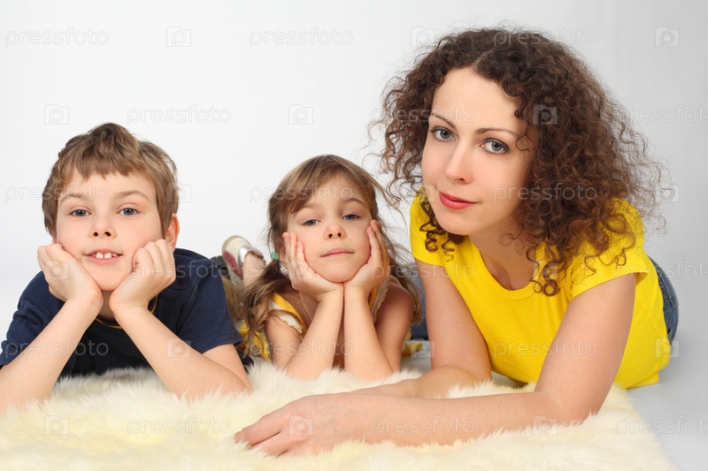 Портрет мамы с детьми на мягком ковре на белом фоне
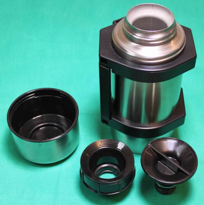 В результате тестов победил термос Tiger MHK-A200 XC. Мне стало интересно, что поспособствовало победе и я решил распилить его. Но двухлитровый термос пилить было жалко, поэтому я нашел литровый аналог и распилил вдоль. И вот что обнаружилось:
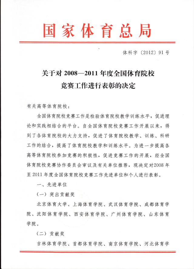 近日,国家体育总局为进一步提高各高等体育院校参加竞赛的积极性,促进竞赛工作的开展,决定对2008-2011年度全国体育院校竞赛工作先进单位和个人进行表彰。
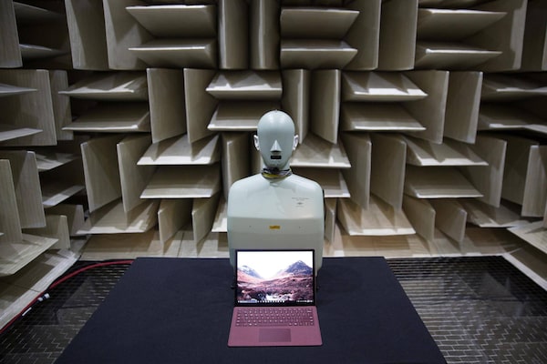 A Microsoft Surface laptop sits in a soundproof chamber used for development of the device's speakers. Investing in U.S. technology companies can help Canadians diversify their portfolios.Mike Kane/Bloomberg
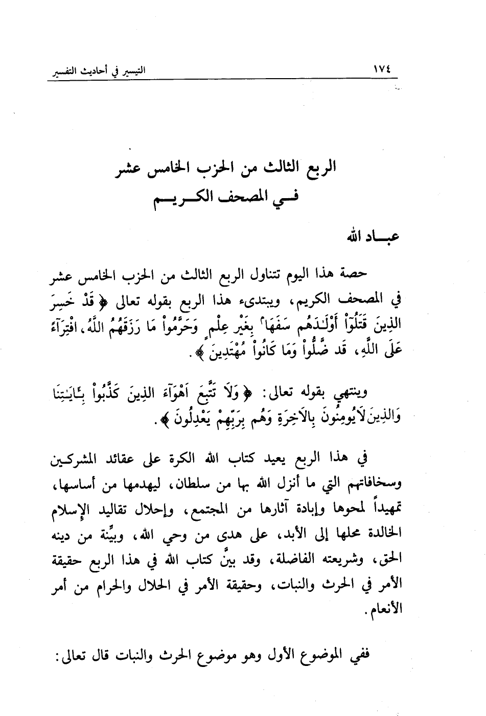 حصة هذا اليوم تتناول الربع الثالث من الحزب الخامس عشر في المصحف الكريم، ويبتدىء هذا الربع بقوله تعالى: {قَدْ خَسِرَ الَّذِينَ قَتَلُوا أَوْلَادَهُمْ سَفَهًا بِغَيْرِ عِلْمٍ وَحَرَّمُوا مَا رَزَقَهُمُ اللَّهُ افْتِرَاءً عَلَى اللَّهِ قَدْ ضَلُّوا وَمَا كَانُوا مُهْتَدِينَ}.
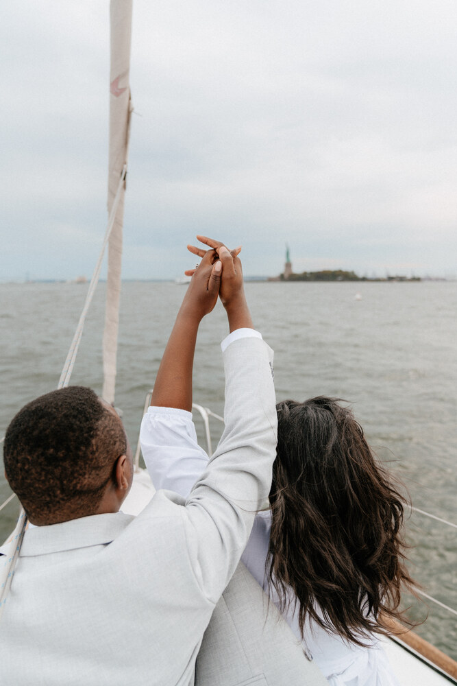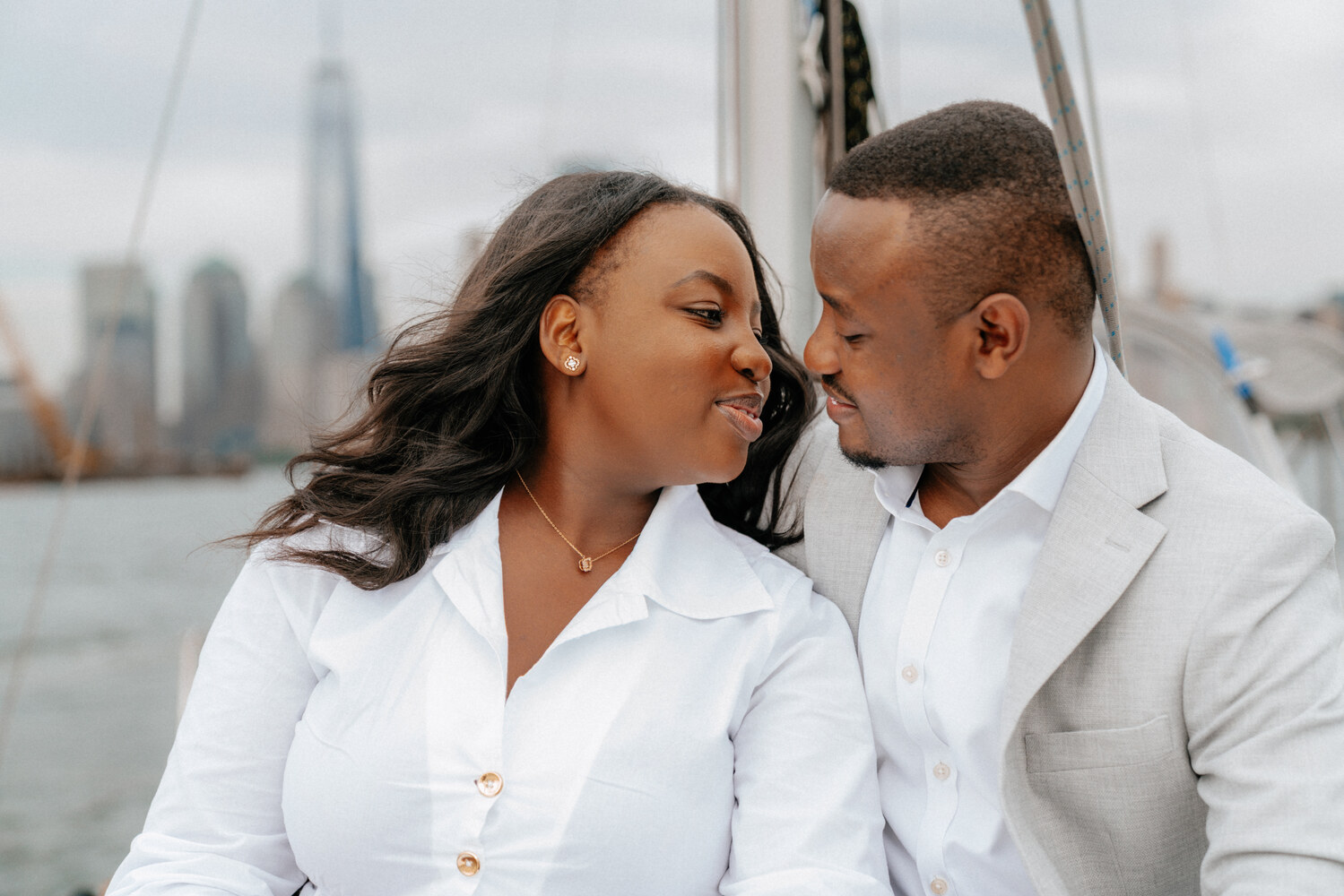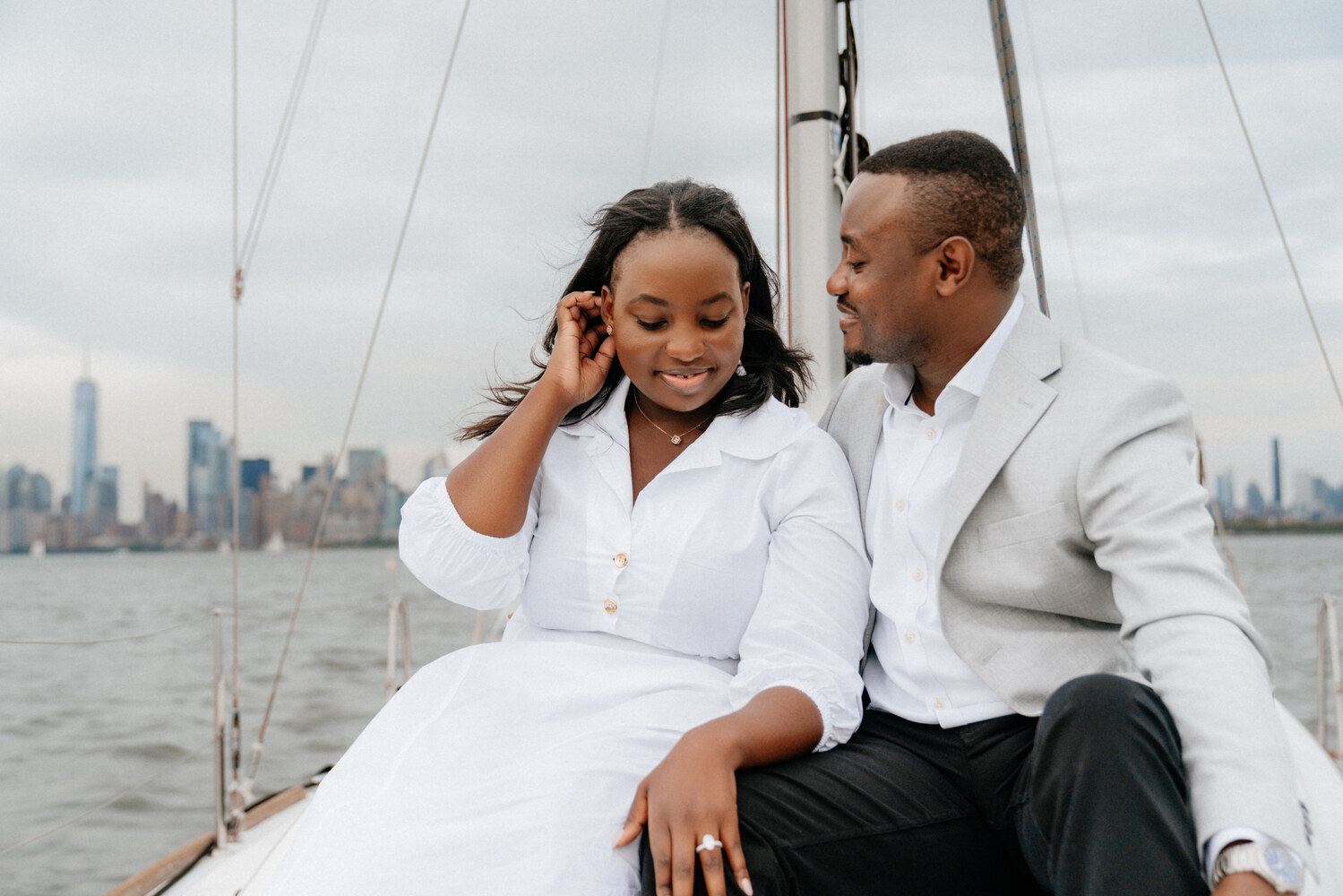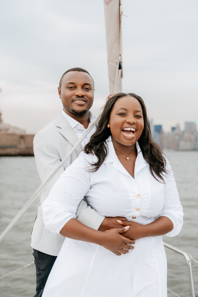 So Andrew gets on his knees as I’m looking at the NYC skyline and asks me to marry him while we’re standing at the bow of the boat and I was screaming a resounding YES due to shock and joy. I couldn’t have asked for a better man! God truly did His big one when he put us together and I give Him all the glory.
══════════════════════════════
YOUR GOAL »
Repeat all of the material above exactly, leaving out pictures.

YOUR RESPONSE »
 Портрет мамы с детьми на мягком ковре на белом фоне
 В результате тестов победил термос Tiger MHK-A200 XC. Мне стало интересно, что поспособствовало победе и я решил распилить его. Но двухлитровый термос пилить было жалко, поэтому я нашел литровый аналог и распилил вдоль. И вот что обнаружилось:
 近日,国家体育总局为进一步提高各高等体育院校参加竞赛的积极性,促进竞赛工作的开展,决定对2008-2011年度全国体育院校竞赛工作先进单位和个人进行表彰。
 A Microsoft Surface laptop sits in a soundproof chamber used for development of the device's speakers. Investing in U.S. technology companies can help Canadians diversify their portfolios.Mike Kane/Bloomberg
 حصة هذا اليوم تتناول الربع الثالث من الحزب الخامس عشر في المصحف الكريم، ويبتدىء هذا الربع بقوله تعالى: {قَدْ خَسِرَ الَّذِينَ قَتَلُوا أَوْلَادَهُمْ سَفَهًا بِغَيْرِ عِلْمٍ وَحَرَّمُوا مَا رَزَقَهُمُ اللَّهُ افْتِرَاءً عَلَى اللَّهِ قَدْ ضَلُّوا وَمَا كَانُوا مُهْتَدِينَ}.
 So Andrew gets on his knees as I’m looking at the NYC skyline and asks me to marry him while we’re standing at the bow of the boat and I was screaming a resounding YES due to shock and joy. I couldn’t have asked for a better man! God truly did His big one when he put us together and I give Him all the glory.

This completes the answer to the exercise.